Basically the existing adaptive noise shaping method creates a "desired noise shape" from the FFT results of the 1.5msec and 20msec FFT analyses, using an increasing proportion of one / decreasing proportion of the other as frequency increases.

What the hybrid method does is to take into account FFT results from all analysis lengths carried out - and adds them together (there is some stretching involved for all but the longest FFT).  The order in which additional FFTs are introduced (by the -a, --analyses parameter) has been reversed so that the 10msec FFT is the first additional one added - this seems to improve the shape of the noise introduced by the adaptive shaping.
Title: Re: lossyWAV 1.4.2 Development (was 1.5.0)
Post by: alter4 on 2016-04-30 09:44:00
Thank you Nick.C!
If I use 1,4,1m with command line  '--quality high' Is that option still the best recommended setting for this level of quality or I can improve the quality by adding force hybrid shaping to the command line? 
Title: Re: lossyWAV 1.4.2 Development (was 1.5.0)
Post by: 2Bdecided on 2016-04-30 20:43:32
If I am using a  file high passed at 24khz or so before playing at half speed, then will the result be correct? At least there won't be an audioband to mess up.
Your highpassed file has little or nothing in the audioband, hence the noise floor in the audioband is exceptionally low. Hence lossyWAV probably won't remove any bits, as it will attempt to preserve that artificially low noise floor. Hence highpassing the file isn't going to tell you anything useful about the ultrasonics because the very act of highpassing the audio stops lossyWAV from doing anything.

Quote
Sorry if these questions seem dumb, or the task futile, but it seems to me that if as MQA presumes, there is a market fro streaming 24/96 files, then lossywav really could provide an open source way of doing it which should work much better with subsequent eqing than the somewhat opaque MQA process, and should work for anyone with a 24/96 dac.
Neither dumb nor futile. You can certainly use lossyWAV to preserve 96kHz audio at lower bitrates without introducing the 22.05Hz filtering that the inventors of MQA believe is so terrible.
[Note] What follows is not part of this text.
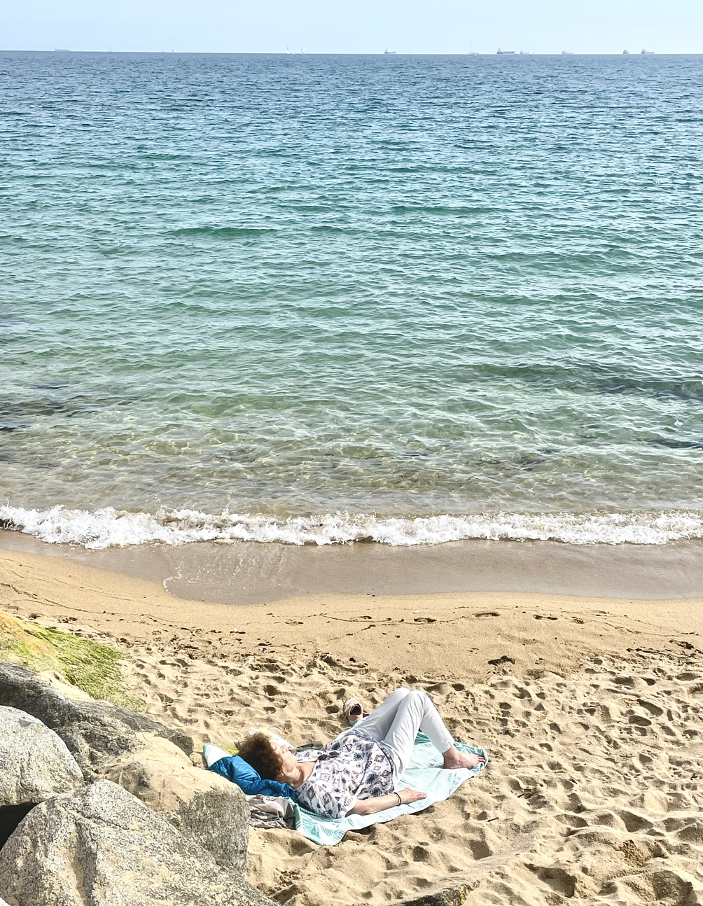 바르셀로네타 해변에서 쉬고 있는 분을 몰래 찍었다.

Be careful if you try to copy some of the other ideas from MQA though - there are patents. I haven't read them carefully enough to give an opinion, and IANAL.

Cheers,
David.
Title: Re: lossyWAV 1.4.2 Development (was 1.5.0)
Post by: alter4 on 2016-05-07 14:37:13
If I use 1,4,1m with command line  '--quality high' Is that option still the best recommended setting for this level of quality or I can improve the quality by adding force hybrid shaping to the command line? 
Nobody answered so I made comparison of 2 sines signal with " --quality standard" vs  "--quality standard -s h" settings.
The result is below (hudrid, original and pure standard)
http://imgur.com/a/O5eX9
Of course the noise in all cases is inaudible but pure standard looks better. I stick to pure standard settings.
Title: Re: lossyWAV 1.4.2 Development (was 1.5.0)
Post by: GeSomeone on 2016-06-30 12:24:05
I had some trouble using lossyWav lately, turns out 1.4.1m has expired.
Title: Re: lossyWAV 1.4.2 Development (was 1.5.0)
Post by: Fairy on 2016-06-30 13:44:42
I had some trouble using lossyWav lately, turns out 1.4.1m has expired.
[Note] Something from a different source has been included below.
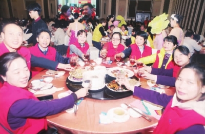 ■职工代表举杯迎新春。珠江时报记者/戚伟雄摄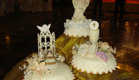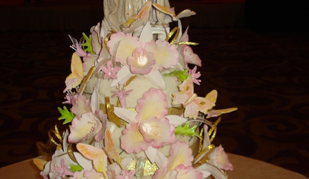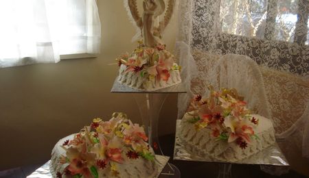 Rich fruit cake covered with Marzipan and fondant, Flowers of Gumpaste

Nick has been exactly on time releasing a new beta everytime. Wonder what's up.
Title: Re: lossyWAV 1.4.2 Development (was 1.5.0)
Post by: Nick.C on 2016-06-30 14:02:31
lossyWAV beta 1.4.1n attached to post #1 in this thread.

(apologies for the late arrival)
Title: Re: lossyWAV 1.4.2 Development (was 1.5.0)
Post by: corrideat on 2016-08-09 15:11:35
Hi,

I've found the idea of this wave processor to be quite interesting, and yesterday I completed porting the code to probably most modern POSIX systems (i.e., Linux, *BSD, MacOS X, AIX, etc.) I've tested it on Linux and FreeBSD and things seem to work (I haven't tried all the options, though, so there may be bugs.) It's also possible I accidentally broke the Windows version.

This is the summary of changes:
* Replaced all native Windows calls with their POSIX counterparts (used pre-processor blocks to write OS-specific code)
   - Also made some minor portability changes, like calling main int main(int, char**) instead of int main(uint32_t, char**)
   - Note: MinGW and/or Cygwin support may (or may not) be broken, because the Win32 API is preferred over POSIX. I'm not sure how these subsystems like non-POSIX code.
* Added myself as an author to this relase (to comply with GPL requirements)
   - I've called this release of mine 1.4.2 (we can talk about versioning so that people don't get confused)
   - Feel free to implement my changes into your next release (I can provide a diff file), then we don't have two separate branches
* Converted the files to UTF-8 for better portability
* Fixed some things apparently were bugs
   - For example, some attributes in nSGNS.h (lines 66-68) didn't receive their alignment attribute.
   - Also, in nWav.cpp, lines 1265 and 1300, I fixed a comparison from if (!foo == bar) to if (foo != bar). The original form gets evaluated as if ((!foo) == bar), and since !foo is always 0 or 1 and bar is probably neither, the code never gets executed. The exact code was "if (!thisRIFF.File.Read(thisRIFF, (char*) thisMapRecord->DATA, thisChunkSize) == thisChunkSize)"

The code is available on GitHub[1] and attached to this post. I'm thinking about rewriting the entire utility in C, designing it for portability from the beginning and incorporating OpenCL or CUDA support for FFT, bit removal and noise shaping. It should certainly speed it up. Should I begin this project, I'll make sure to share it on a new thread.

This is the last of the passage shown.